How many men have commemorated the waking sensations of their fellow-men, after a night’s debauch; yet at the same time, I am not aware of any one having perfectly conveyed even a passing likeness to the mingled throng of sensations which crowd one’s brain on such an occasion. The doubt of what has passed, by degrees yielding to the half-consciousness of the truth, the feeling of shame, inseparable except to the habitually hard-goer, for the events thus dimly pictured, the racking headache and intense thirst, with the horror of the potation recently indulged in: the recurring sense of the fun or drollery of a story or an incident which provokes us again to laugh despite the jarring of our brain from the shaking. All this and more most men have felt, and happy are they when their waking thoughts are limited to such, at such times as these—the matter becomes considerably worse, when the following morning calls for some considerable exertion, for which even in your best and calmest moments, you only find yourself equal.

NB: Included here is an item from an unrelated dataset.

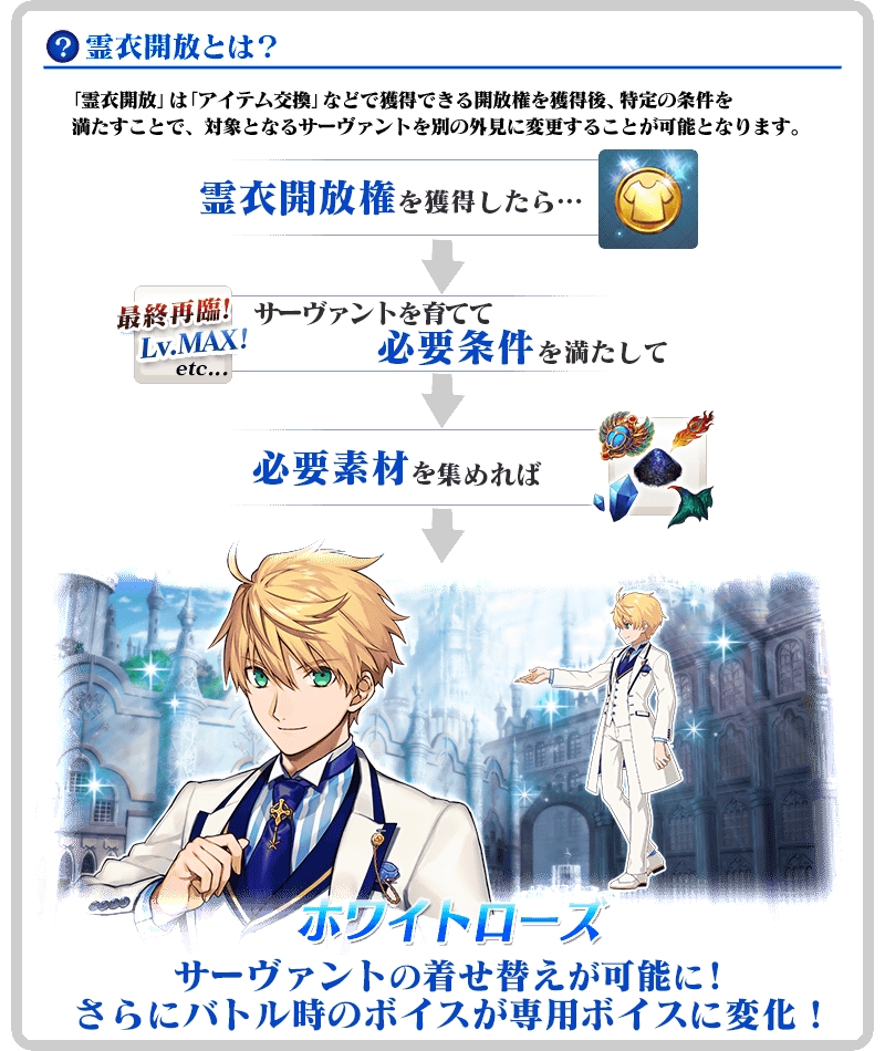 ※“白亜の薔薇”と報酬の交換時に聴くことのできる“アーサー・ペンドラゴン〔プロトタイプ〕”の特別なボイスは、キャンペーン期間終了後、サーヴァント詳細の“ボイスリスト”に追加される。

It is truly unpleasant, on rubbing your eyes and opening your ears, to discover that the great bell is ringing the half-hour before your quarterly examination at college, while Locke, Lloyd, and Lucian are dancing a reel through your brain, little short of madness; scarcely less agreeable is it, to learn that your friend Captain Wildfire is at the door in his cab, to accompany you to the Phœnix, to stand within twelve paces of a cool gentleman who has been sitting with his arm in Eau de Cologne for the last half-hour, that he may pick you out “artist-like.” There are, besides these, innumerable situations in which our preparations of the night would appear, as none of the wisest; but I prefer going at once to my own, which, although considerably inferior in difficulty, was not without its own “desagremens.”
When I awoke, therefore, on board the “Fire-fly,” the morning after our dinner-party, I was perfectly unable, by any mental process within my reach, to discover where I was. On ship-board I felt I must be—the narrow berth—the gilded and panelled cabin which met my eye, through my half-open curtains, and that peculiar swelling motion inseparable from a vessel in the water, all satisfied me of this fact. I looked about me, but could see no one to give me the least idea of my position. Could it be that we were on our way out to Corfu, and that I had been ill for some time past?
But this cabin had little resemblance to a transport; perhaps it might be a frigate—I knew not. Then again, were we sailing, or at anchor, for the ship was nearly motionless; at this instant a tremendous noise like thunder crashed through my head, and for a moment I expected we had exploded, and would be all blown up; but an instant after I discovered it must be the escape of the steam, and that I was on board a packet ship. Here, then, was some clue to my situation, and one which would probably have elicited all in due season; but just at this moment a voice on deck saved me from any further calculations. Two persons were conversing whose voices were not altogether unknown to me, but why I knew not.
“Then, Captain, I suppose you consider this as an excellent passage.”
“Yes, of course I do,” replied the captain, “it’s only five hours since we left Howth, and now you see we are nearly in; if we have this run of the tide we shall reach the Head before twelve o’clock.”
“Ha! ha!” said I to myself, “now I begin to learn something. So we have crossed the channel while I was sleeping—not the least agreeable thing for a man to hear who suffers martyrdom from sea sickness—but let me listen again.”
“And that large mountain there—is that Snowdon?”
“No. You cannot see Snowdon; there is too much mist about it; that mountain is Capel Carrig; and there that bold bluff to the eastward, that is Penmen Mawr.”
“Come, there is no time to be lost,” thought I; so springing out of my berth, accoutred as I was, in merely trowsers and slippers, with a red handkerchief fastened night-cap fashion round my head, I took my way through the cabin.